Recorded data:
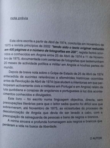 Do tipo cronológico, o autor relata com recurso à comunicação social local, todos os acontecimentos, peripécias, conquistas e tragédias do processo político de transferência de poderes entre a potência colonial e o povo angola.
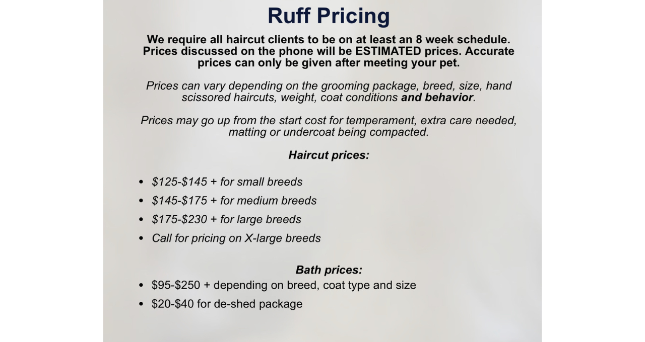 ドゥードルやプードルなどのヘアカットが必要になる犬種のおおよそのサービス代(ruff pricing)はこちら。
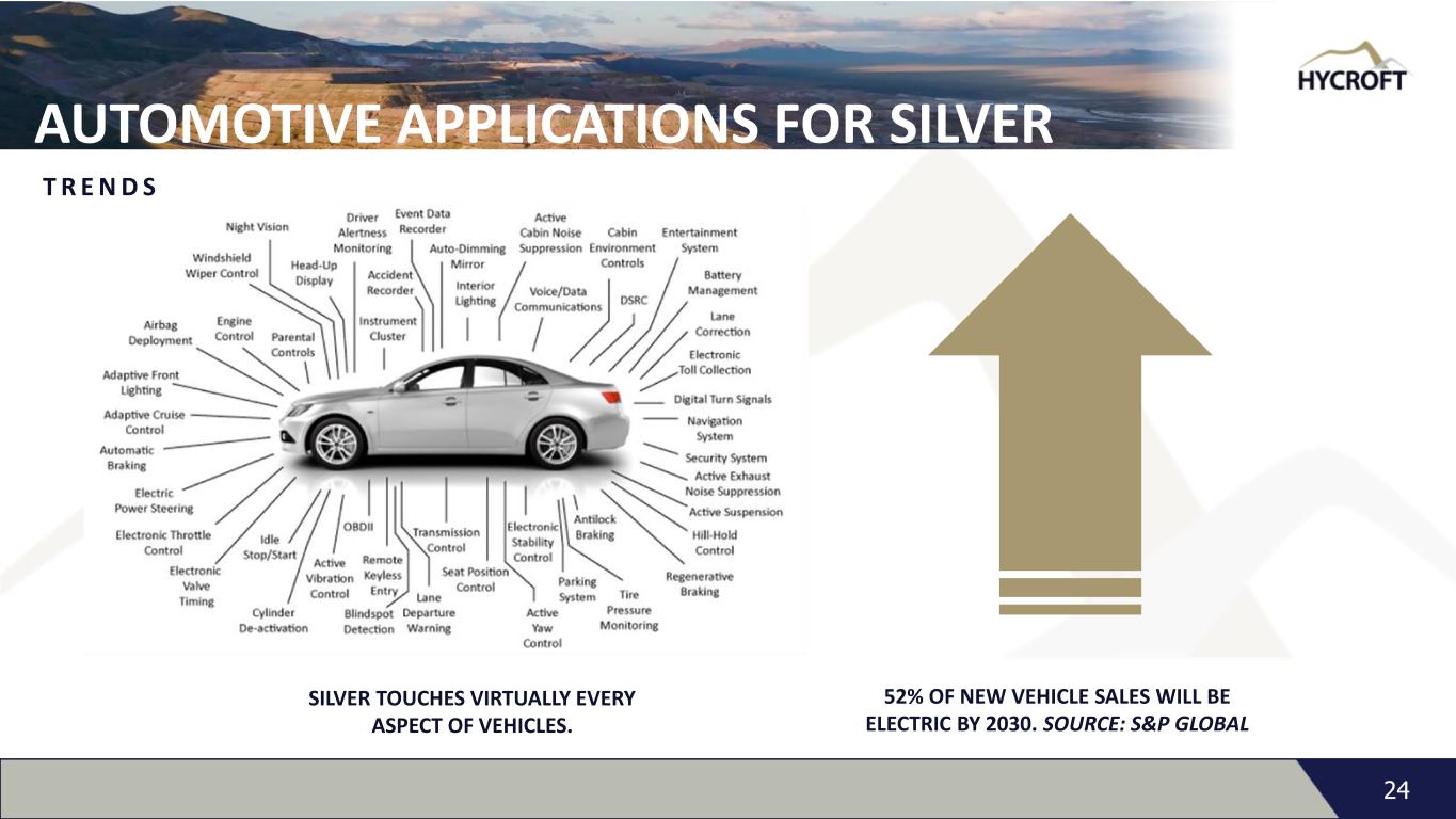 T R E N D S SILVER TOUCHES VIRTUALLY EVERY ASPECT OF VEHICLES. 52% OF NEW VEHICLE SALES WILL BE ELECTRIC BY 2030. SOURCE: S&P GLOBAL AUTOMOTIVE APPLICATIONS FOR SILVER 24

Task:
Each line from the one that holds "ドゥードルやプードルなどのヘ" through the end of the material should be repeated exactly, and nothing more. Leave out any picture.

Exercise answer:
 ドゥードルやプードルなどのヘアカットが必要になる犬種のおおよそのサービス代(ruff pricing)はこちら。
 T R E N D S SILVER TOUCHES VIRTUALLY EVERY ASPECT OF VEHICLES. 52% OF NEW VEHICLE SALES WILL BE ELECTRIC BY 2030. SOURCE: S&P GLOBAL AUTOMOTIVE APPLICATIONS FOR SILVER 24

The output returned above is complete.